What a BAA actually does and what it does not

A Business Associate Agreement is a contract required by §164.504(e) that binds the vendor to safeguard PHI in specified ways. It is a real and important instrument. It is also commonly misunderstood as something stronger than it is.

A BAA requires the vendor to use PHI only for the purposes you specify, to safeguard it with appropriate administrative, physical, and technical controls, to report breaches to you within a defined timeframe, to bind any subcontractors with equivalent terms, to make PHI available for amendment and access requests under the Privacy Rule, and to return or destroy PHI at the end of the engagement when feasible. Since the 2013 Omnibus rule, a BAA also makes business associates directly liable under HIPAA for the parts of the rules that apply to them.

What a BAA does not do is more important. It does not prevent the vendor from being breached. It does not shrink the size of a reportable breach if one happens — if a vendor exposes 50,000 of your patients' records, you have a 50,000-record breach to notify on, BAA or no BAA. It does not satisfy your Security Rule risk analysis obligation, which requires you to evaluate the risks and vulnerabilities to PHI throughout your environment, including the parts you have outsourced. And it does not relieve you of the duty to actually pick a vendor that can do the job competently.

The misreading goes like this: "we have a BAA, so the vendor is HIPAA-compliant, so uploading is fine." This is wrong on two counts. A BAA does not make a vendor HIPAA-compliant — a BAA is a contractual instrument; compliance is a question of what the vendor actually does. And the question is not whether the upload is permitted under HIPAA. It is whether the upload is the right call given the alternatives.

The mistakes that get healthcare organizations in trouble

OCR's enforcement record over the last decade is, to a degree people do not appreciate, a list of the same handful of mistakes repeated. Reading through the resolution agreements for the largest settlements is the closest thing the industry has to a study guide for what not to do.

Anthem's 2018 settlement of $16 million — the largest HIPAA settlement to date — followed a 2014–2015 cyberattack that exposed PHI of nearly 79 million people. The OCR finding was not just that the breach happened. It was that Anthem had failed to conduct an enterprise-wide risk analysis, failed to implement procedures to regularly review system activity, and failed to respond to a known security incident in time. The breach was the trigger; the underlying compliance gaps were the reason for the size of the settlement.

Premera Blue Cross settled for $6.85 million in 2020 over a 2014 attack affecting 10.4 million individuals. The OCR press release specifically called out failures of risk analysis and risk management — not novel exotic security failures, but the foundational requirements of the Security Rule that the organization had not done well.

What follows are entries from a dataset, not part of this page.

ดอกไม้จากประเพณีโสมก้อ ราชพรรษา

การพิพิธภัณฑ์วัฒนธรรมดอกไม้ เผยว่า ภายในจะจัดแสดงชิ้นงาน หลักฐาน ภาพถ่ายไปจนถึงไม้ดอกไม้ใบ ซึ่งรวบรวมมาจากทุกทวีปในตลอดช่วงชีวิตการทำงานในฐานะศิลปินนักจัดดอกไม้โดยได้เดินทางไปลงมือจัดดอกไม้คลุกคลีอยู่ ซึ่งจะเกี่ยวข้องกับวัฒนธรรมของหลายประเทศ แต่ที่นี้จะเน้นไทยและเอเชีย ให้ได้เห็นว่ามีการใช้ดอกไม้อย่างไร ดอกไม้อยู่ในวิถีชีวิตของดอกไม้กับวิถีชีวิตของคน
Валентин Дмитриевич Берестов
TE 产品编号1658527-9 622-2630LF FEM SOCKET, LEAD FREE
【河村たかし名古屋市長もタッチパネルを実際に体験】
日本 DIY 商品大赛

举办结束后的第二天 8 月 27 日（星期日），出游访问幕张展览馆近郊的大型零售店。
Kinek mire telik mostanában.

Memorial Healthcare System settled for $5.5 million in 2017 after the login credentials of a former affiliated physician were used to access PHI of more than 100,000 individuals. The credentials had not been disabled when the affiliation ended. There was no exotic attacker. There was a process gap and an access control failure that lasted over a year.

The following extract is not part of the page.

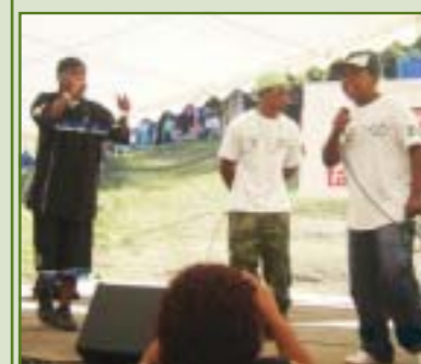
Jovens talentosos do hip-hop da banda Banca Forte da Paineira, do Morro da Cruz. Letras criativas e politizadas.

Touchstone Medical Imaging settled for $3 million in 2019 after an FTP server allowing uncontrolled access exposed PHI of approximately 300,000 patients. The server was discoverable through standard search engines. The exposure had been ongoing and no one had noticed until a security researcher reported it.

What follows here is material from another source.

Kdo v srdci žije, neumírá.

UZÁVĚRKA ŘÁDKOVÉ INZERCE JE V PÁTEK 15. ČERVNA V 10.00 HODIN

These are not redaction cases specifically. They are something more useful: a picture of how healthcare organizations actually fail. The pattern is rarely a sophisticated attack. It is a missing risk analysis, a credential that should have been disabled, a server that should not have been internet-facing, a vendor that should have had a BAA in place. The redaction-specific failures fit the same shape.

The redaction-specific failure patterns

A clinical staffer redacts a chart in Microsoft Word by changing the font color to white over the patient name, and the recipient pastes the document into a new file and the name reappears. A billing specialist exports an EOB to PDF, draws black rectangles using a markup tool, and the underlying text is still extractable — we covered this exact failure mode in our post on why drawing black boxes over a PDF is not real redaction. A research coordinator strips the seventeen named Safe Harbor identifiers from a clinical narrative and leaves a free-text comment that says "patient is the 53-year-old wife of the chief of surgery," and the data set is now identifiable to anyone in the building.

And the workflow failure that causes the most quiet damage is sending the wrong file. The redacted version and the original sit in the same folder with similar names. The original is attached to the email by mistake. The recipient opens it. There is now a HIPAA breach, and there is no way to unsend it. The 60-day breach notification clock to affected individuals is now running, and depending on the count, an immediate notification to HHS may be required as well.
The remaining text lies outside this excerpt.